AUGUSTA – Federal officials have postponed Monday’s public meeting in Augusta on potential oil and gas exploration in the North Atlantic because of the government shutdown.
The U.S. Department of the Interior’s Bureau of Ocean Energy Management had been scheduled to have an “open-house” style meeting at the Augusta Civic Center from 3 to 7 p.m. on Monday. But the bureau postponed the Augusta event as well as meetings in Concord, N.H., Boston and four other cities this week because funding for government programs lapsed on Saturday amid the political fighting in Washington.
The bureau said the meetings will be rescheduled after federal government offices reopen. Updates on the postponed meetings can be found online at www.boem.gov/National-Program-Participate/#meeting.
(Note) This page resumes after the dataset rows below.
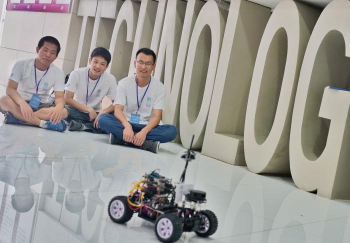 获得一等奖的刘炀、王建亮、王仁为三名同学分别来自信息安全、动化与电气工程专业,在创新基地叶晨老师的指导下,经过近四个月的摸索和研究,开发了一款基于机器视觉和SLAM的室内自主巡逻预警机器人。该系统利用激光雷达采集的数据和SLAM算法构建陌生空间的二维地图,借助AMCL算法和局部路径规划算法,实现在室内空间中的定位和避障,从而完成自主移动和巡逻功能。同时,机器人搭载了三个鱼眼摄像头,通过对图像进行畸变矫正和单应性变换得到机器人周围地面的鸟瞰图,再结合当前的位置信息将鸟瞰图和轮廓进行整合,最终得到包含细节的室内地图。在巡逻过程中,机器人将对周边环境进行实时比对和分析,当发现可疑静止物体时通过无线网络向安保人员进行报警。安保人员也可在必要的情况下通过操作手柄,远程遥控机器人至指定位置进一步查看或采取相应的处理措施。(叶晨)
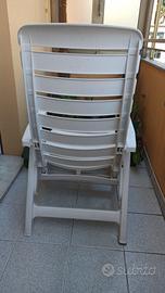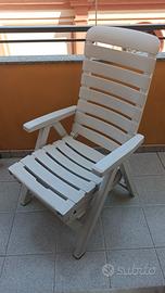 Vendo lettino / sedia da esterno in plastica, perfetta per il tuo terrazzo o giardino. È bianca e pieghevole, quindi facile da riporre. Struttura robusta. Ideale per rilassarsi all'aperto. Modello Cleopatra con prolunga, marca Scabo.
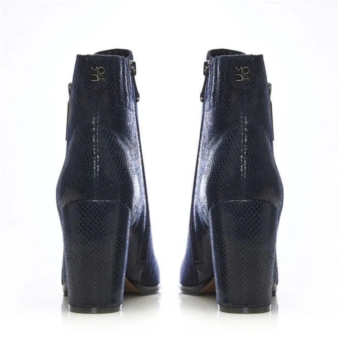Your new favourite wide fit boot. Amy features a stunning curved block heel with a metallic inner, the contrasting textures on the shoe add further detail whilst still leaving it effortless to style. Complete with a functional inside zip and a decorative outside zip. Style with leather trousers and a blouse.
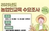화순 온라인뉴스팀2024. 08.19[뉴스앤저널]화순군은 2025년도 농업인 교육과정 개설에 앞서 농업인의 의견을 적극 반영하기 위해 8월 19일부터 9월 20일까지 5주간 농업인 교육 수요조사를 진행한다고 밝혔다. 현재 화순군농업기술센터는 지역특화작목 정착과 전문농업인 육성을 목표로 장기교육인 농업인대학과 단기교육인 전문농업기술교육, 정보화교육, 농업기계교육 등 다양한 과정을 운영하고 있다. 이번 수요조사는 온라인 및 방문을 통해 참여할 수 있으며, 온라인은 농업기술센터 누리집(농업기술센터)과 홍보 현수막에 표기된 QR코드를 통해 가능하고, 농업기술센터 및 읍...

On January 4, the Interior Department unveiled a dramatic shift from current policy by proposing to reopen the Atlantic and Pacific coastlines to oil and gas drilling. The five-year draft plan proposes 47 potential lease sales to energy exploration, including two in the North Atlantic in 2021 and 2023 as well as three each in the mid-Atlantic and the South Atlantic.
The proposal has already drawn strong, bipartisan opposition from coastal state governors and members of Congress concerned about how an oil spill could harm tourism, commercial fishing and other parts of the economy. All four members of Maine’s congressional delegation are opposed to reopening the North Atlantic to oil and gas exploration but Gov. Paul LePage has yet to take a firm position on the plan. LePage was among five governors who encouraged Interior Secretary Ryan Zinke to examine potential energy reserves all along the Outer Continental Shelf with the expectation that some areas will eventually be exempted because of environmental concerns.